# Maximum Angular Velocity of an Electric Motor

1. Aug 18, 2015

### Physicist97

Hello! I was looking to find out about an equation that would tell you the maximum angular velocity an electric motor can put out in terms of the geometry of the motor (area of the rotating coil, number of turns, etc), the EMF applied to the coil, magnetic field surrounding the coil, and so on. When I say electric motor, the setup I have in mind is a coil of wire in a uniform magnetic field. When a current is applied, a force is generated which will rotate the coil and when half a turn is reached a commutator will switch the direction of the current to keep the coil rotating. When the coil rotates another EMF is induced because you have a changing magnetic flux. This EMF will oppose the input EMF and thus the motor will reach maximum angular velocity when the input EMF and induced EMF balance. Here is how far I got.

$V=V_{ind}=-N{\frac{d{\Phi}}{dt}}=-NAB{\frac{dcos{\theta}}{dt}}$
So here $N$ is the number of turns of the coil, $A$ is the area the coil encloses, $B$ is the magnetic field surrounding the coil, ${\theta}$ is the angle between the vector normal to the area and the magnetic field. (${\Phi}$ was the magnetic flux through the coil). From this you get a differential equation.

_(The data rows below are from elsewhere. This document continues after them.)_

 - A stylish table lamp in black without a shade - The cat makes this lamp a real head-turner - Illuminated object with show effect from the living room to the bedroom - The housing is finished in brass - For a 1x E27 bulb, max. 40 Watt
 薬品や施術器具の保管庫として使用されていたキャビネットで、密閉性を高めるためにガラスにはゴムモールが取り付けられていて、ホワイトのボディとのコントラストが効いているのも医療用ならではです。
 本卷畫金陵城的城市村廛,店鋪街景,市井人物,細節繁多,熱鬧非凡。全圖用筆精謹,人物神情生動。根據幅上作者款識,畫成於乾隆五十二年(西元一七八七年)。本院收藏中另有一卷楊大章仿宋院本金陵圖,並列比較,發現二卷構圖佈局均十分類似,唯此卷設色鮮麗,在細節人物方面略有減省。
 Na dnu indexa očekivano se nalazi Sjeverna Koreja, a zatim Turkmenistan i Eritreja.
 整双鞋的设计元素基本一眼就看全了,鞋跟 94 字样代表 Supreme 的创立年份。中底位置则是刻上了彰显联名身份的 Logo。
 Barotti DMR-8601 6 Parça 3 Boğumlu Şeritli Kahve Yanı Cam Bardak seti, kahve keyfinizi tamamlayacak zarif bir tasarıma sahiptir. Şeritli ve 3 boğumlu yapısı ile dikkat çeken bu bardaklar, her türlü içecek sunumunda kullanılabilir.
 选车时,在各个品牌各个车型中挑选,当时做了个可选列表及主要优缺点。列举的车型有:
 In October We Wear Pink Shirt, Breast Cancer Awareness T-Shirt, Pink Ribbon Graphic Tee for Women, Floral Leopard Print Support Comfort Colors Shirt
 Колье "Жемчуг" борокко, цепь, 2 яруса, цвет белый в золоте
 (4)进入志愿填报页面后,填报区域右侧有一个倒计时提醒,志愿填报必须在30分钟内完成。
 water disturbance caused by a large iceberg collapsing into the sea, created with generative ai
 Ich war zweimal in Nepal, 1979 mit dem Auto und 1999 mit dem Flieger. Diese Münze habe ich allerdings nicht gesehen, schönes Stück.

${\frac{V}{NAB}}{\int{dt}}={\int_{0}^{{\theta}}{sin{\theta}}{d{\theta}}}=-cos{\theta}$
I do not now what bounds to put on the time integral. Would it go from $0$ to $T/2$ , where $T$ is the period of rotation, since the equation is only good for half a rotation (due to the need to change the direction of current)? But since $T=(2{\pi})/{\omega}$ , where ${\omega}$ is the angular velocity, how can I have a dependent variable as a bound on the integral? If anyone can point me in the right direction, or fix an error I made, that would be appreciated.

2. Aug 18, 2015

### Nidum

3. Aug 23, 2015

### CWatters

Perhaps this helps..

Most DC permanent magnet motors can also be used as a dynamo. The faster you spin them the more voltage or (back EMF) they generate. When used as a motor they typically accelerate until the back EMF roughly equals the applied voltage. At that point they stop accelerating.

The stronger the magnets (B) the more back EMF they generate so the point at which the back EMF equals the applied voltage occurs at a lower RPM. This leads to the somewhat surprising conclusion that to make a faster motor you should use weaker magnets :-)

So why are powerful rare earth magnets used in motors at all. The answer is that if you want a motor to run at a particular speed a rare earth magnet motor could have fewer turns. Fewer turns means you can fit fatter wire with a lower resistance into the armature. So for a motor with a given power input the I2R losses in the windings are lower and the motor is more efficient.

I can't claim to be a motor designer but I don't think there is a simple answer to the question "What is the Maximum Angular Velocity of an Electric Motor?" without getting into a lot of detail about the design constraints for a particular motor.